- Born: February 24, 1959 (age 67) Los Angeles, California, U.S.
- Occupation: Novelist
- Writing career
- Genre: Literary fiction
- Notable works: Point Dume, The Wentworths, Chemical Pink
- Website: katiearnoldi.com

= Katie Arnoldi =

American novelist

Katie Arnoldi (born February 24, 1959) is an American mainstream fiction writer and former bodybuilder. She has published three novels, Chemical Pink (Bloomsbury, 2001), The Wentworths (Overlook, 2008), and Point Dume (Overlook, 2010). Arnoldi lives in Southern California with her husband, the painter Charles Arnoldi, and their two children.

==Novels==
- Chemical Pink (2001)
- The Wentworths (2008)
- Point Dume (2010)
- Rose chimique roman

==Point Dume==
Part comedy of manners and part cautionary tale, Point Dume (named after the stunning coastal promontory in Malibu) tells the interlocking stories of disparate characters all bound by their connection to the land by the sea. There's Frank Bain, the nouveau-riche surfer with a giant vineyard that's blighting the landscape and an unhealthy attachment to his mistress, Ellis, the old-line Malibu free spirit who's caught between Frank and a drifter named Pablo Schwartz. "Ellis came from the service side of the counter," Arnoldi writes, "and Frank expected to be waited on."
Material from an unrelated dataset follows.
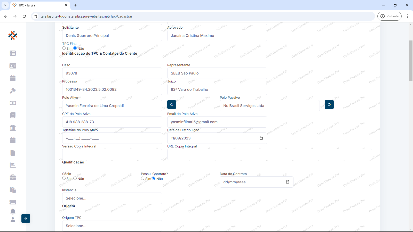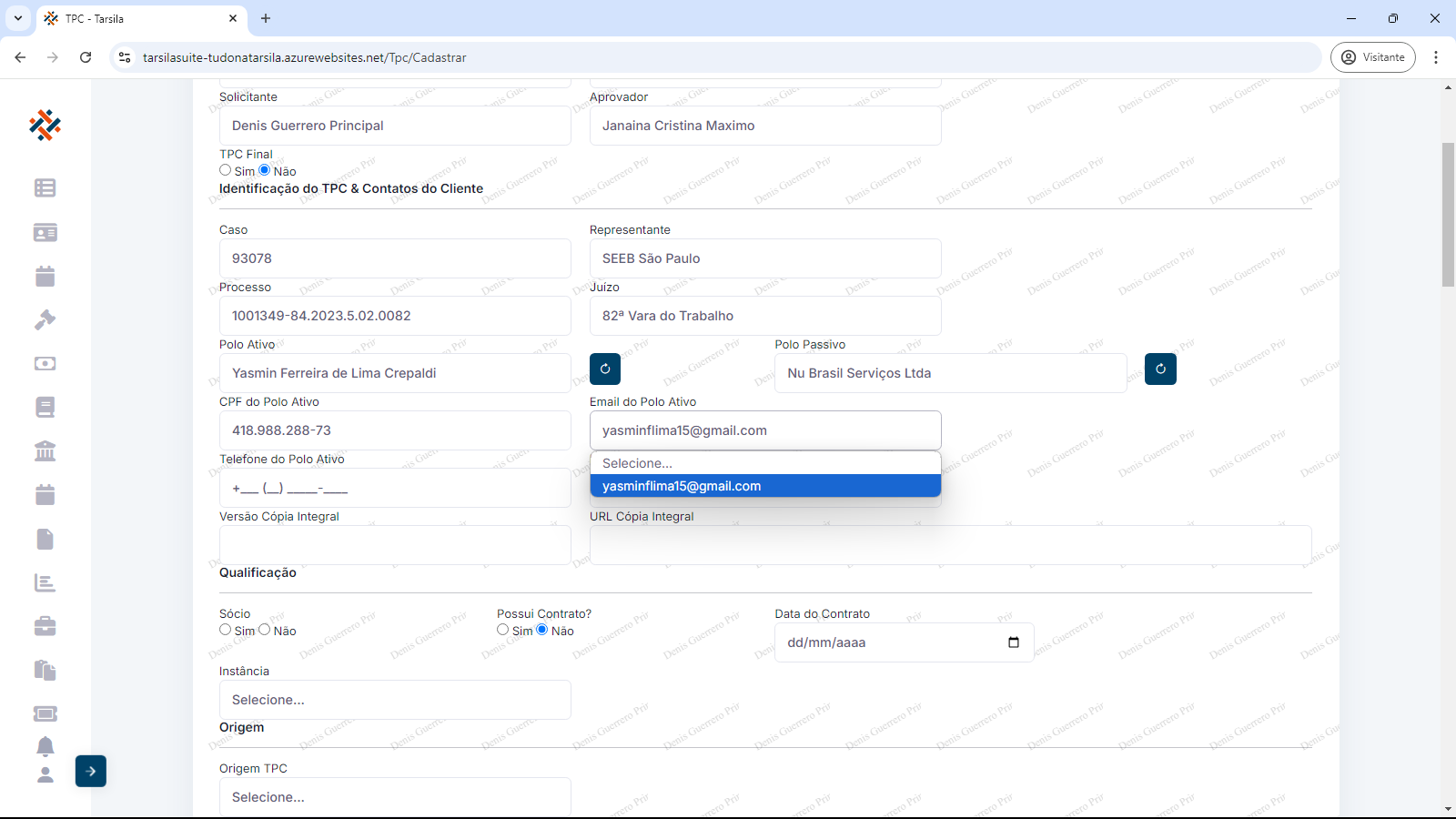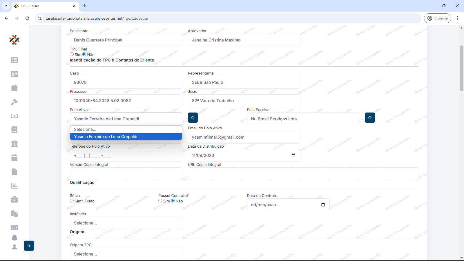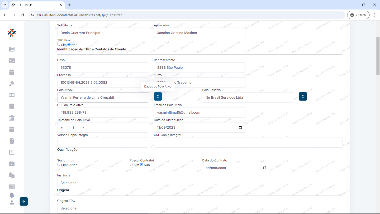 Ao pressionar a tecla ‘TAB” ou clicar no próximo campo (Ex: “Polo Ativo”), as informações subsequentes são preenchidas de forma automática.

Set in Mexico and Malibu, Point Dume explores the death of surf culture, the destruction of public land by cartel marijuana growers using pesticides and rodenticides, native and invasive species, and obsessive love.

==The Wentworths==
Seven years after publishing Chemical Pink, Arnoldi paints a searing portrait of wealthy Westside Los Angeles life, dramatizing the dysfunctionality of the modern American family, while examining how it actually is that people get so screwed up.

“Using multiple points of view, Arnoldi tackles the story of the Wentworth clan, each and every member of which is quickly unraveling. While tales of dysfunctional families abound, this one separates itself from the pack with concise prose, escalating tension, and wry humor.”

==Chemical Pink==
Set in the world of female bodybuilding, Chemical Pink is a story of obsession and the consequences of going too far to achieve your goals.

Amateur bodybuilder Aurora Johnson is vacationing in sunny California. While working out at the gym, she meets Charles Worthington, a wealthy eccentric with a passion for up-and-coming bodybuilders, a passion that surpasses the sport and veers towards the kinky. Aurora, thrilled to have found a “sponsor,” willingly surrenders her life to Charles. Under his tutelage, she begins an intense training program—regular workouts with a trainer, special high protein meals, and even muscle-enhancing drugs—all the while putting up with Charles’ sexual games.